3.1. Entendimentos Acerca da Substituição Tributária Progressiva

                   Há entendimentos que criticam esse tipo de substituição, uma vez que afirmam a violação dos princípios:

* princípio da tipicidade tributária, porquanto importa exigência do imposto antes da ocorrência do seu fato gerador.

* princípio da capacidade contributiva, Argumenta-se que, no sistema tributário brasileiro, o destinatário da carga tributária é a pessoa que provoca, desencadeia ou produz a materialidade da hipótese de incidência do tributo, (como inferida da Constituição) ou quem tenha relação pessoal e direta (art. 121, parágrafo único, I, do CTN) com essa materialidade. Por isso, não pode o Estado deixar de colher uma pessoa, como sujeito passivo, para discricionária e arbitrariamente, colher outra, por simples comodidade ou por qualquer outro motivo da espécie. -(Sasha Calmon).

                        A adoção da substituição tributária progressiva constitui exigência da sociedade moderna, visando à aplicação do princípio da praticabilidade da tributação. Apóia-se, aqui e alhures, em dois valores básicos: necessidade de evitar a evasão fiscal (segurança fiscal) e de assegurar recursos com alto grau de previsão e praticabilidade (certeza fiscal) - (Sacha Calmon).

4. Conclusão

Diante do exposto no presente artigo, depreendemos que a substituição tributária centraliza o recolhimento do imposto devido por terceiros no contribuinte substituto, facilita a fiscalização e estimula a igualdade na tributação, impedindo a concorrência desleal entre contribuintes que recolhem e os que não recolhem regularmente seus tributos.

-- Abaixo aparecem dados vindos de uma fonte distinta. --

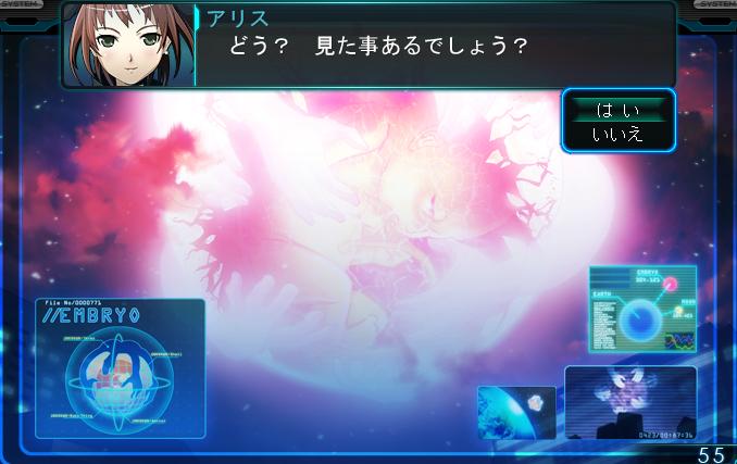 アリス:「あら、じゃあこの街に来たのはもしかして最近なの?こんな世界中を騒がせた事件に、見覚えがないなんて……。ある夜、突然空に現れたこいつのコードネームはエンブリオ。今は高次空間上に退避してて、こちらから見ることはできない。けど、まだ私たちのすぐ近くにいる」

                        O sistema da substituição tributária é uma importante ferramenta utilizada pelo Estado no sentido de ampliar sua base de arrecadação, facilitando a fiscalização e diminuindo a sonegação de impostos, gerando receitas para benefícios à sociedade.

4. Referências bibliográficas

Coêlho, Sacha Calmon Navarro, Curso de Direito Tributário Brasileiro, Editora Forense, 9ª Edição: 2006.

Spagnol, Werther Botelho, Curso de Direito Tributário – Conforme a EC n. 42/03, Editora Del Rey, Belo Horizonte, 2004.

MACHADO, Hugo de Brito. Ob cit. pgs. 104-105.

GRECO, Marco Aurélio. Substituição tributária: antecipação do fato gerador. 2ª ed., São Paulo, Malheiros, 2001. pg. 115. 

MELO, Ângelo Braga Netto Rodrigues de. Substituição tributária progressiva no ICMS: teoria e prática. Núria Fabris, Porto Alegra, 2008

ALEXANDRINO, Marcelo. Manual de Direito Tributário, 4ª edição, revista e atualizada 2007.